Educationally, she's an honors graduate of UC Berkeley (BA in political science and French) and Harvard Law School (JD). She became a U.S. citizen in 1980, is married to Daniel Mulhern (they share middle names in a nod to equality), and has three children. She's also authored A Governor's Story: The Fight for Jobs and America's Economic Future.

Details on her Energy Policies

Jennifer Granholm's energy policies as U.S. Secretary of Energy (2021–2025) centered on accelerating the transition to clean energy, achieving net-zero carbon emissions by 2050 (a key Biden administration goal), creating good-paying union jobs, reshoring manufacturing supply chains, and ensuring an equitable transition. She restructured the Department of Energy (DOE) to emphasize not just research and development (R&D) but also large-scale deployment of zero-carbon technologies.

Her approach was heavily influenced by landmark legislation like the Bipartisan Infrastructure Law (BIL) and Inflation Reduction Act (IRA), which enabled massive investments. Key elements included:

  • Massive Investments and Deployment: Oversaw over $200 billion in DOE investments (including grants, loans, and public-private partnerships) to speed up the clean energy transition. This supported record-breaking deployment, such as adding the equivalent of nearly 30 Hoover Dams of zero-carbon energy to the grid in 2024 alone, more than doubling previous solar power records, and spurring an 11x expansion in new transmission miles.
  • Manufacturing and Supply Chain Reshoring: Promoted "Made in America" incentives, leading to announcements of nearly 1,000 new or expanded factories for clean energy products (solar panels, EVs, batteries, small modular reactors, clean hydrogen, geothermal, etc.). This created hundreds of thousands of clean energy jobs (estimates around 400,000+ tied to DOE efforts) and strengthened domestic supply chains for critical technologies.
  • Innovation and Technology Acceleration: Launched the Energy Earthshots initiative (modeled after the successful SunShot for solar), setting bold targets like reducing long-duration energy storage costs by 90% within a decade, advancing affordable clean hydrogen, enhanced geothermal, and more. Focused on breakthroughs in batteries, grid modernization, nuclear (including small reactors), offshore wind, and industrial decarbonization.
  • Grid and Infrastructure Modernization: Prioritized expanding the electric grid to handle increased clean energy integration, doubling transmission capacity goals, and addressing challenges like rising demand from electrification and data centers/AI.
  • Equity and Justice: Emphasized Justice40 principles (directing 40% of benefits to disadvantaged communities), energy efficiency for affordable housing, workforce training in underserved areas, and ensuring the transition benefits communities hit hardest by pollution or economic shifts.
  • Core DOE Missions: Maintained focus on national security (nuclear deterrent via National Nuclear Security Administration), scientific leadership (17 national labs), and environmental cleanup from legacy defense programs.

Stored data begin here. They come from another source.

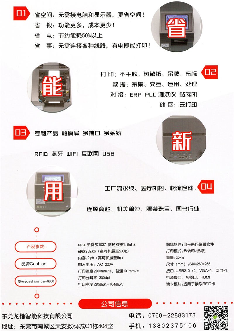東莞龍楷智能科技有限公司(旗下品牌-CASHION 楷軒)位于全球制造之都-廣東東莞,是一家專業(yè)從事研發(fā)、銷售、服務(wù)于一體的高新技術(shù)企業(yè),致力于為企業(yè)提供智能軟硬件產(chǎn)品、智能條碼打印機(jī)、RFID打印機(jī)、物聯(lián)網(wǎng)打印機(jī)、智能數(shù)據(jù)采集終端、智能工控電腦、智能電子秤等系列智能設(shè)備。 廣泛應(yīng)用于工業(yè)制造、醫(yī)療、倉儲、物流、政務(wù)、圖書館、商超等領(lǐng)域。
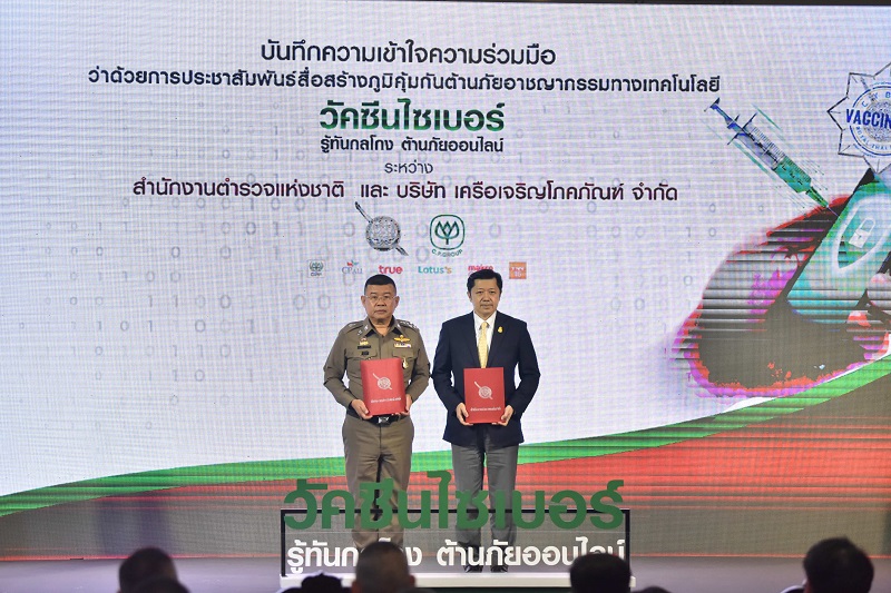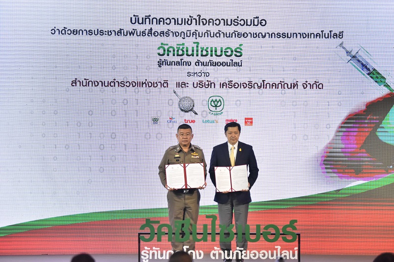 สำนักงานตำรวจแห่งชาติ จับมือเครือซีพี ลงนาม MOU ร่วมผลิตสื่อไซเบอร์วัคซีน ขยายช่องทางประชาสัมพันธ์ พร้อมดึงพิธีกรดัง ดารา ยูทูปเบอร์ ร่วมให้ความรู้เท่าทันโจร ไม่เป็นเหยื่อ ไม่ถูกโกง สร้างภูมิคุ้มกันคนไทยสู้ภัยอาชญากรรมออนไลน์ตามนโยบายรัฐบาล
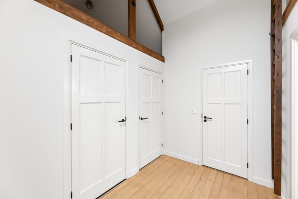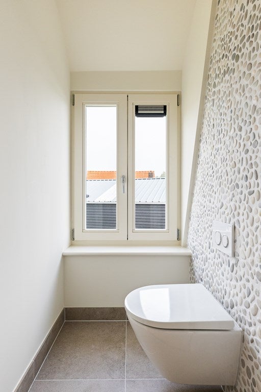 overloop met houten vloerdelen en sfeervolle toiletruimte. Tweede badkamer voorzien van elektrische vloerverwarming, luxe inloopdouche met hand- en regendouche en een wastafel met meubel. 3 Slaapkamers (ca. 16 m², ca. 10 m² en ca. 11 m²) waarvan de kamer aan de voorzijde is voorzien van vaste kastruimte en houten vloerdelen en één kamer is voorzien van een pvc vloer met wasmachine- en drogeraansluiting en opstelling van de warmtepomp. Deze laatste kamer zou dienst kunnen doen als logeerkamer, kantoor en-/of kledingkamer. Vanuit deze kamer is er ook toegang tot het platte dak.
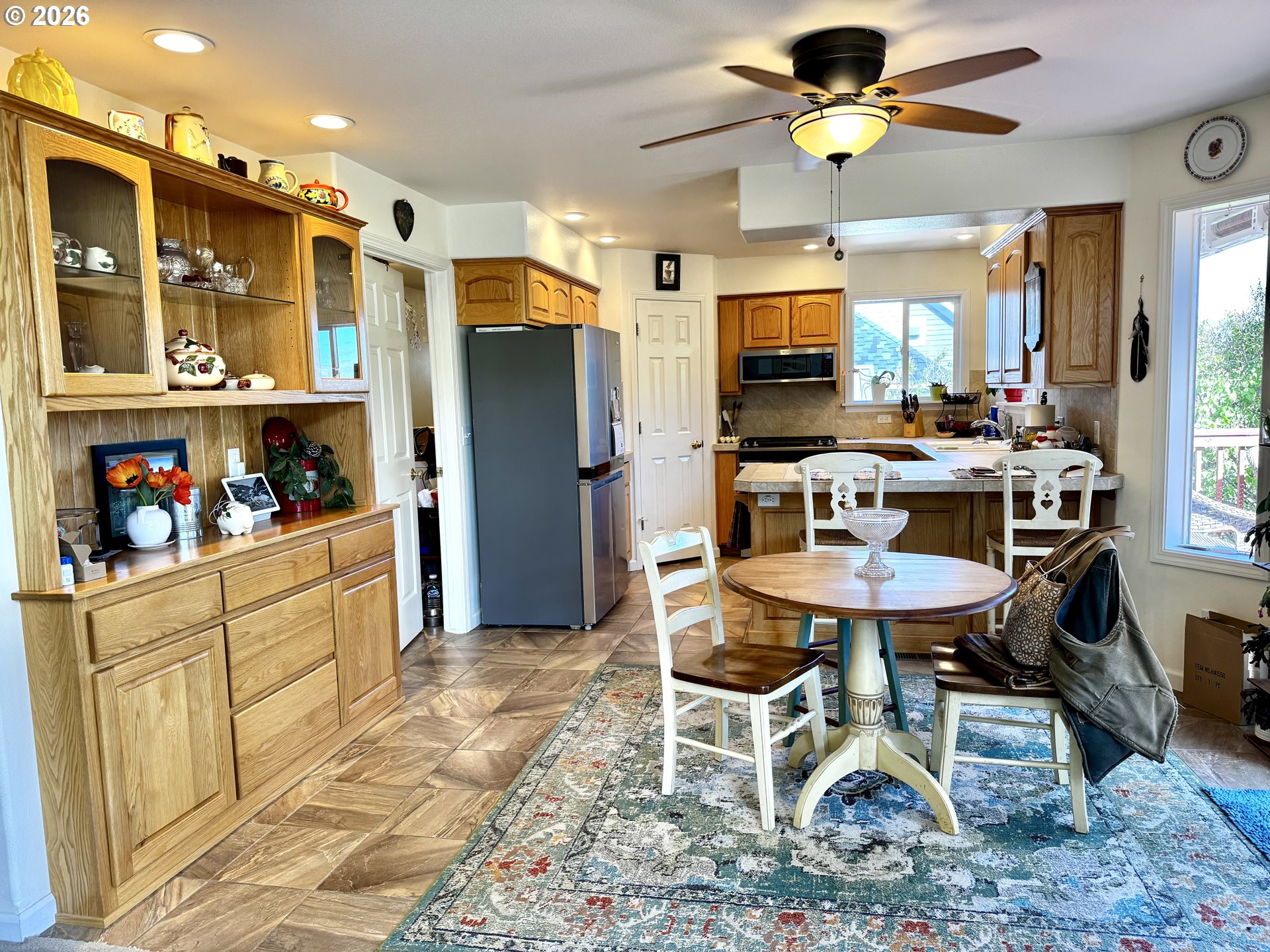 Welcome to your dream home on the 15th green of the Quail Ridge Golf Course. This custom built 5 bedroom, 2.5 bath home, with an attached triple car garage, offers an exceptional living experience. The 12' great ceilings not only create a sense of grandeur but also floods the interior with natural light, showcasing panoramic views of the lush golf course greens. Updates including a brand new forced air furnace, tankless water heater, newer kitchen appliances, floor coverings, light fixtures, ensure modern convenience and efficiency. Outside, the fully fenced backyard offers privacy and convenience complete with underground sprinklers for easy lawn & yard maintenance. A charming garden with raised beds awaits your green thumb, surrounded by mature landscaping that adds beauty and tranquility to the outdoor space. Store your tools & equipment in the garden shed, keeping the property tidy & organized. This home is not just a residence; it's a lifestyle, offering the perfect blend of luxury, comfort, & location. Use it as a vacation rental to generate income or enjoy it as your private retreat. You and your guest will love the easy access to golf, nearby outdoor recreation & the charm of Baker City just minutes away. Don't miss your chance to own a piece of golf course living with endless potential.

Her policies faced criticism from some quarters (e.g., accusations of overemphasizing "radical green" priorities or regulatory overreach on issues like LNG exports), but supporters highlighted the unprecedented scale of clean energy growth, job creation, and U.S. leadership in technologies like EVs and renewables.

Post-tenure, she's continued advocating for these themes as a Senior Counselor at DGA Group, advising on grid resilience, nuclear revival, supply chains, and energy for high-demand sectors like AI. Overall, her tenure is credited with transforming DOE into a major driver of both climate action and economic revitalization through clean energy.

Happy birthday to her today (February 5, 2026—she turns 67)! She's a trailblazer in public service, especially for women in politics and clean energy advocacy.